The zeros of a polynomial function of x are the values of x that make the function zero. For example, the polynomial x^3 - 4x^2 + 5x - 2 has zeros x = 1 and x = 2. When x = 1 or 2, the polynomial equals zero. One way to find the zeros of a polynomial is to write in its factored form. The polynomial x^3 - 4x^2 + 5x - 2 can be written as (x - 1)(x - 1)(x - 2) or ((x - 1)^2)(x - 2). Just by looking at the factors, you can tell that setting x = 1 or x = 2 will make the polynomial zero. Notice that the factor x - 1 occurs twice. Another way to say this is that the multiplicity of the factor is 2. Given the zeros of a polynomial, you can very easily write it -- first in its factored form and then in the standard form.
Subtract the first zero from x and enclose it in parentheses. This is the first factor. For example if a polynomial has a zero that is -1, the corresponding factor is x - (-1) = x + 1.
Raise the factor to the power of the multiplicity. For instance, if the zero -1 in the example has a multiplicity of two, write the factor as (x + 1)^2.
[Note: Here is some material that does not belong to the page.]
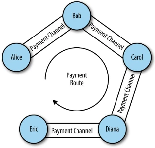 闪电网络的支付通道和路由,图片来源: https://cypherpunks-core.github.io/bitcoinbook/ch 12.html

Repeat Steps 1 and 2 with the other zeros and add them as further factors. For instance, if the example polynomial has two more zeros, -2 and 3, both with multiplicity 1, two more factors -- (x + 2) and (x - 3) -- must be added to the polynomial. The final form of the polynomial is then ((x + 1)^2)(x + 2)(x - 3).
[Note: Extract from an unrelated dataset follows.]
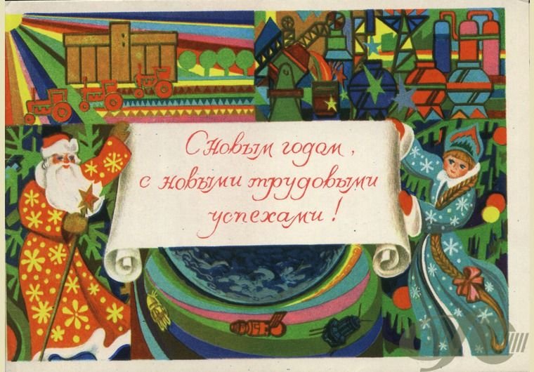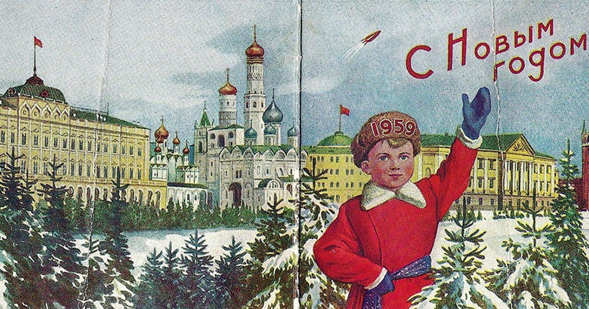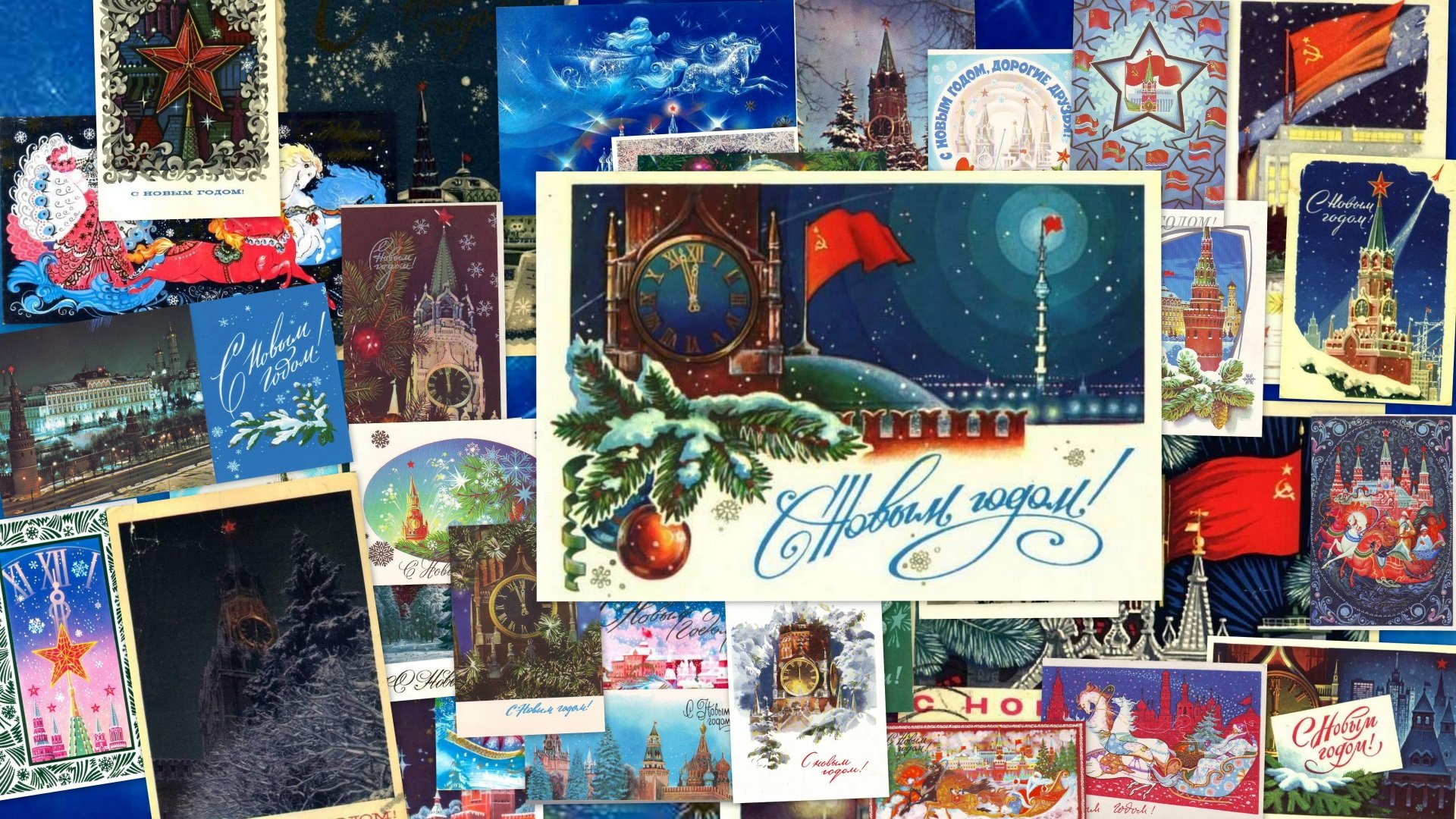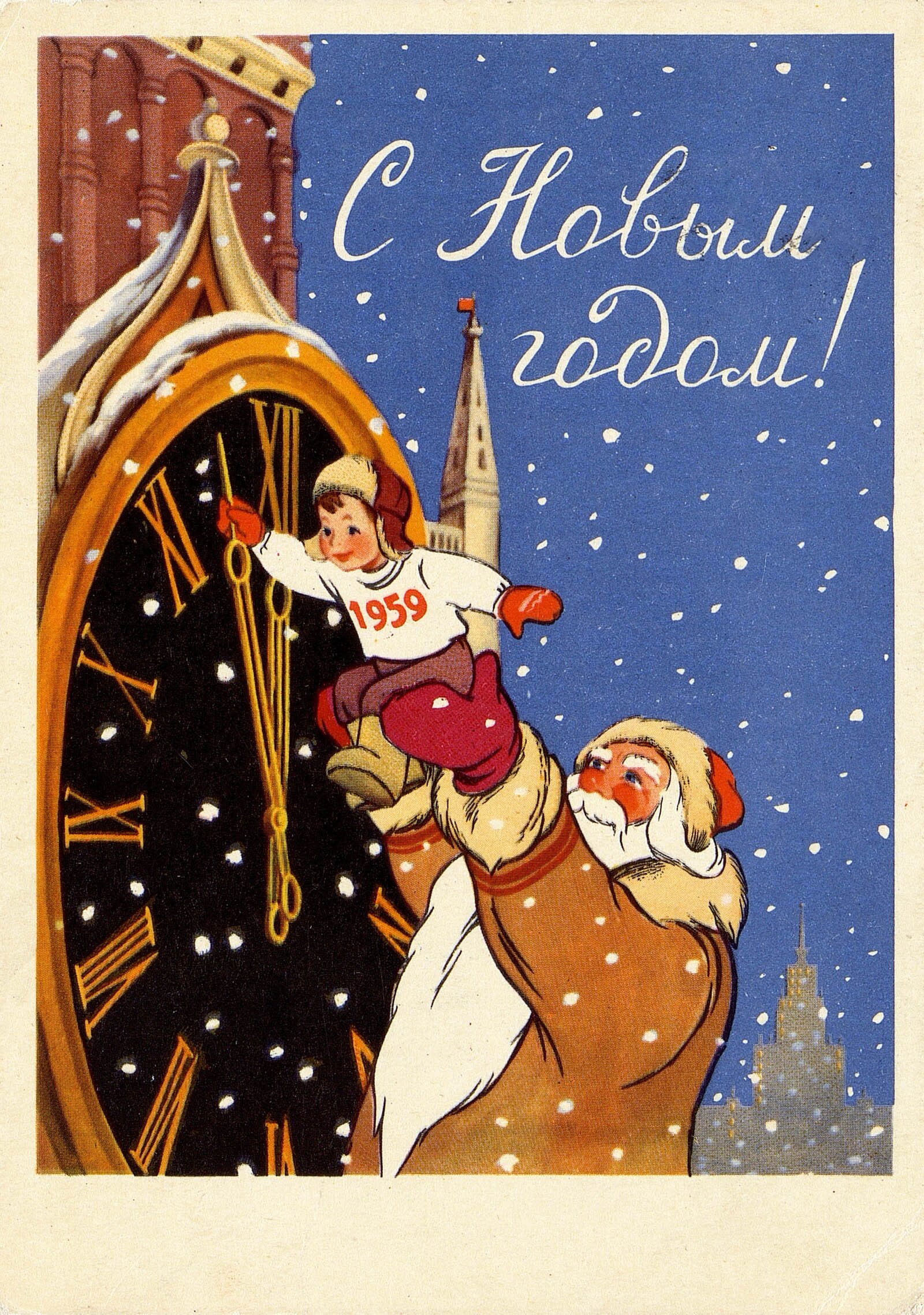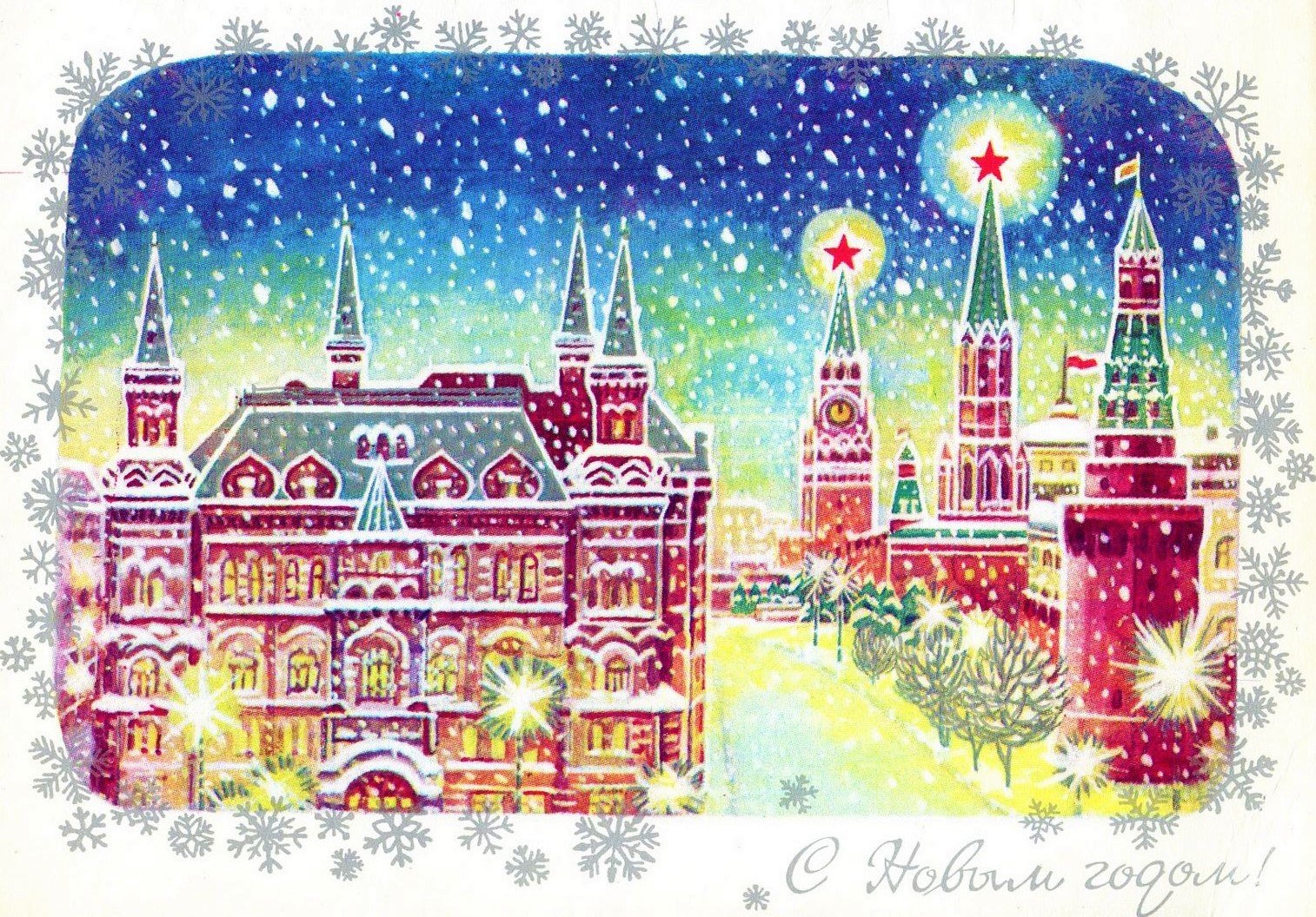 ![Новогодние куранты на Спасской башне Московского Кремля СССР]()

Multiply out all the factors using the FOIL (First Outer Inner Last) method to get the polynomial in the standard form. In the example, first multiply (x + 2)(x - 3) to get x^2 + 2x - 3x - 6 = x^2 - x - 6. Then multiply this with another factor (x + 1) to get (x^2 - x - 6)(x + 1) = x^3 +x^2 - x^2 - x - 6x - 6 = x^3 - 7x - 6. Finally, multiply this with the last factor (x + 1) to get (x^3 - 7x - 6)(x + 1) = x^4 + x^3 -7x^2 - 7x - 6x - 6 = x^4 + x^3 - 7x^2 - 13x - 6. This is the standard form of the polynomial.